[Pvfs2-developers] patch: namei bug fixes
Phil Carns
pcarns at wastedcycles.org
Tue Mar 27 16:33:59 EST 2007
Just to clarify a little bit, there is actually a problem with the 2.6
code path here as well. I went back and ran some tests with and without
the namei.patch on a RHEL4 box (2.6.9-something) to confirm.
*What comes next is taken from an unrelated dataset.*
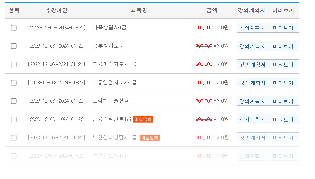 장학혜택과정 : 협회지원을 통해 회원가입 시 최대 3 과정까지 무료수강 교육 나눔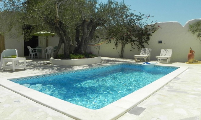 (Text automatically translated) small very nice and comfortable house in the countryside, in the heart of the island of Djerba. quiet and peaceful. pool, deckchairs, barbecue .... petanque "The sheets and towels are provided" housekeeper (cleaning and cooking) 70 euros per week including final cleaning Noura will discover its small Tunisian dishes.

If I leave
the patch out, then the following two LTP tests (open08, statfs02) fail:
<<<test_start>>>
tag=open08 stime=1175025961
cmdline="open08"
contacts=""
analysis=exit
initiation_status="ok"
<<<test_output>>>
open08 1 PASS : expected failure - errno = 17 : File exists
open08 2 PASS : expected failure - errno = 21 : Is a directory
open08 3 PASS : expected failure - errno = 20 : Not a directory
open08 4 FAIL : unexpected error - 2 : No such file or directory
- expected 36
open08 5 PASS : expected failure - errno = 13 : Permission denied
open08 6 PASS : expected failure - errno = 14 : Bad address
<<<execution_status>>>
duration=0 termination_type=exited termination_id=1 corefile=no
cutime=0 cstime=1
<<<test_end>>>
<<<test_start>>>
tag=statfs02 stime=1175026039
cmdline="statfs02"
contacts=""
analysis=exit
initiation_status="ok"
<<<test_output>>>
statfs02 1 PASS : expected failure - errno = 20 : Not a directory
statfs02 2 PASS : expected failure - errno = 2 : No such file or
directory
statfs02 3 FAIL : unexpected error - 2 : No such file or directory
- expected 36
statfs02 4 PASS : expected failure - errno = 14 : Bad address
statfs02 5 PASS : expected failure - errno = 14 : Bad address
<<<execution_status>>>
duration=0 termination_type=exited termination_id=1 corefile=no
cutime=0 cstime=0
<<<test_end>>>
They pass without any trouble if I apply namei.patch.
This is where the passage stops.